5. Surveying: curved terrain area calculations.

Degrees vs. Radians

360° = 2π radians
1° = π/180 radians ≈ 0.01745 rad
1 radian = 180°/π ≈ 57.296°

In sector formulas, you can use degrees or radians as long as you're consistent. This calculator uses degrees because it's more intuitive.

Frequently asked questions

What's the circle area formula?

Area = π × r², where r is the radius. If you know the diameter (d), radius is d/2, so: Area = π × (d/2)² = π × d² / 4. For a radius-10 circle: Area = π × 100 ≈ 314.16.

What's the difference between radius and diameter?

The radius is the distance from the center to the circle edge. The diameter is the distance from one side to the other passing through the center = 2 × radius. A radius-5 circle has diameter 10.

How do I calculate a circular sector area?

Sector area = (angle/360) × π × r². For example, a 45° sector in a radius-10 circle: (45/360) × π × 100 = (1/8) × 314.16 = 39.27. It's calculating what fraction of the full circle the sector occupies.

What is arc length?

The portion of circumference corresponding to a given angle. Arc length = (angle/360) × 2πr. For a 90° arc in a radius-10 circle: (90/360) × 2π×10 = (1/4) × 62.83 = 15.71.

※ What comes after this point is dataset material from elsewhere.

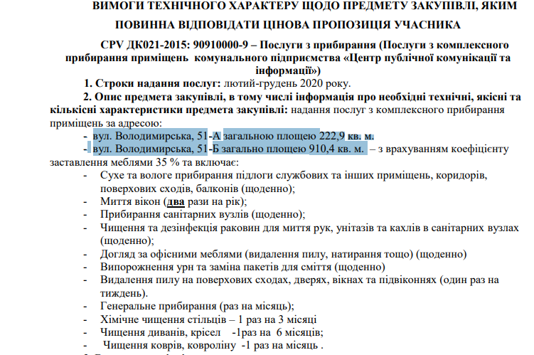 На уборку своих помещений площадью в более тысячу квадратов Центр публичной коммуникации и информации объявил тендер на почти 200 тысяч гривен. При этом клиниговые услуги заказаны по адресам Владимирская, 51-А и 51-Б.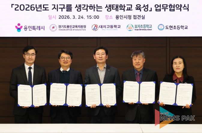 뉴스팍 배상미 기자 | 용인특례시는 24일 시청 접견실에서 용인교육지원청을 비롯해 3개 학교와 ‘지구를 생각하는 생태학교 육성사업’을 위한 협약을 맺었다.

Can I calculate the radius if I know the area?

Yes: r = √(Area / π). If area is 100: r = √(100 / 3.1416) = √31.83 ≈ 5.64. And if you know the perimeter: r = Perimeter / (2π).

Why does area grow with the square of the radius?

Because area is a two-dimensional measure. Doubling the radius expands in 2 directions simultaneously (width and height), so area multiplies by 2² = 4. A radius-10 circle has 4 times the area of a radius-5 circle.

How many pizza slices come from a 45° sector?

A 45° sector is 1/8 of the circle (360°/45° = 8). So from a round pizza you get 8 slices if you cut 45° sectors. Each slice's area = π × r² / 8.